Bavarian architect and archaeologist (1790–1840)

Adolf Weissenberg (Note: Sources variously give Weissenberg's first name as Adolf or Anton, and his last name as Weissenberg, Weissenburg or Weissenborn.) (1790–1840) was a Bavarian architect and archaeologist. He was appointed by Otto of Greece as ephor of antiquities, overseeing all archaeology and archaeological sites in Greece, in 1833, but forced to resign in September 1834.

== Career ==

Weissenberg was born in 1790. From 1822, he lived in Rome. In June 1833, he was appointed as "Ephor of Antiquities" (Ἔφορος τῶν ἀρχαιοτήτων) with responsibility for "the conservation, discovery and collection of the archaeological treasures of the kingdom". Three others were appointed with the title of 'sub-ephor' (ὑποέφορος): Kyriakos Pittakis, for central and northern Greece; Ludwig Ross, for the Peloponnese, and Ioannis Kokkonis for the Aegean Islands.

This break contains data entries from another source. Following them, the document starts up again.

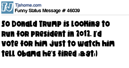 - # 45891 So Donald Trump is looking to run for president in 2012. I'd vote for him just to watch him tell Obama he's fired ;>)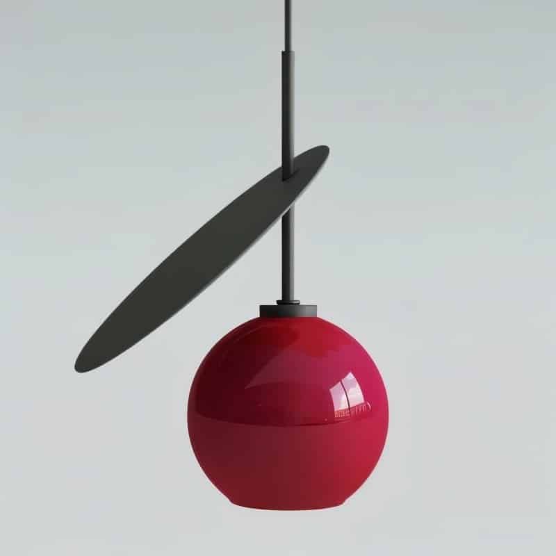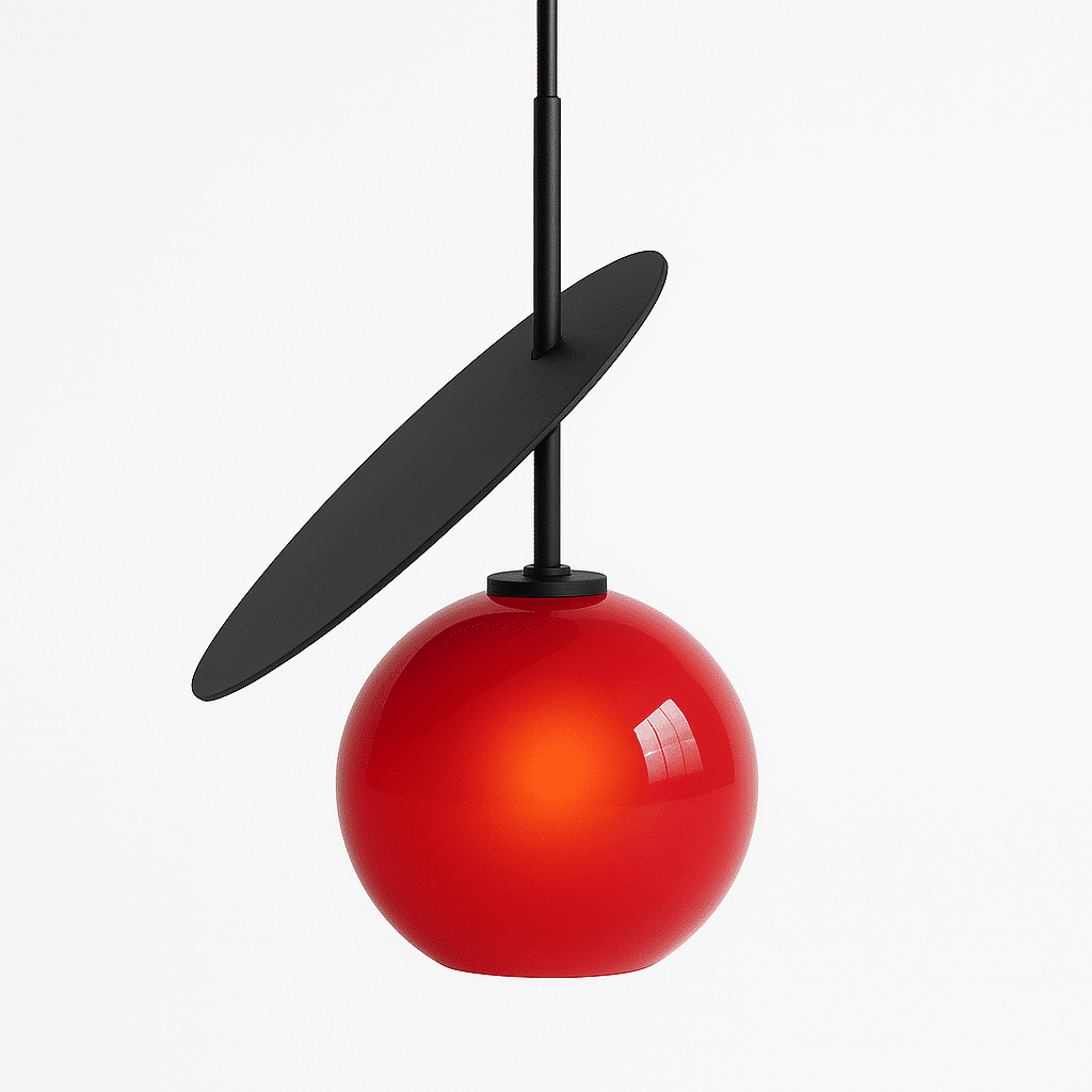 The Sorcha Pendant Light is a modern light fixture featuring a spherical iron and metal body, paired with a sleek, angled metal disc for a striking geometric contrast. Its bold design creates dynamic light and shadow effects, making it an artistic statement in any space. Ideal for kitchen islands, dining areas, and modern interiors, it blends industrial and mid-century aesthetics. This pendant light delivers both style and functional illumination, enhancing contemporary spaces.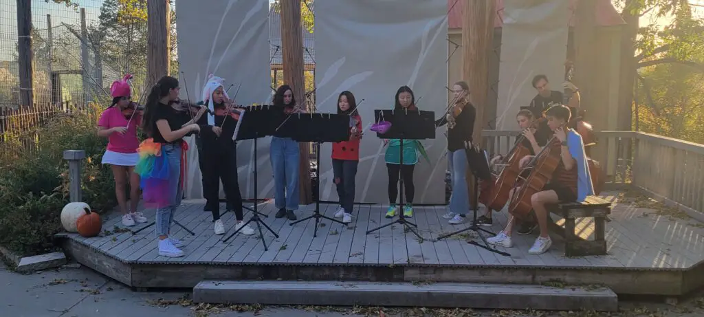 You’re hearing the sounds of the Manhattan High School orchestra, one of several volunteers to help put on the zoo’s most popular annual event. It draws more than 5,000 visitors for trick-or-treating and seeing the zoo’s 150 species. Friday was open to individuals with special needs, while Saturday and Sunday’s event featured all other communities.

On , (Note: Greece adopted the Gregorian calendar in 1923; was followed by 1 March. In this article, this date and all subsequent dates are given in the 'New Style' Gregorian calendar, while dates before it are given in the 'Old Style' Julian calendar.) Weissenberg was appointed to lead the Greek Archaeological Service, which had notionally been established by Governor Ioannis Kapodistrias in 1829 but lacked a formal administrative structure until then. Weissenberg's short tenure saw the passage of the Archaeological Law of 10/22 May 1834, which named all antiquities in Greece as the "national property of all the Greeks", asserted the ownership of the state over all archaeological sites not already on private land and created the core administrative structure of the Archaeological Service. Weissenberg drafted the law alongside the regent Georg Ludwig von Maurer, and it was based upon a similar law of the Papal States.

Weissenberg was accused by Ross of lacking interest in antiquities, and had also attracted the enmity of Josef Ludwig von Armansperg, head of the regency council, by trying to organise opposition to his government alongside von Maurer. Both Weissenberg and von Maurer were sacked (along with Kokkonis) in September 1834 and recalled to Bavaria. In Weissenberg's stead, Ross was named as Ephor General of Antiquities, with Pittakis and Athanasios Iatridis as his assistants. Weissenberg died in 1840.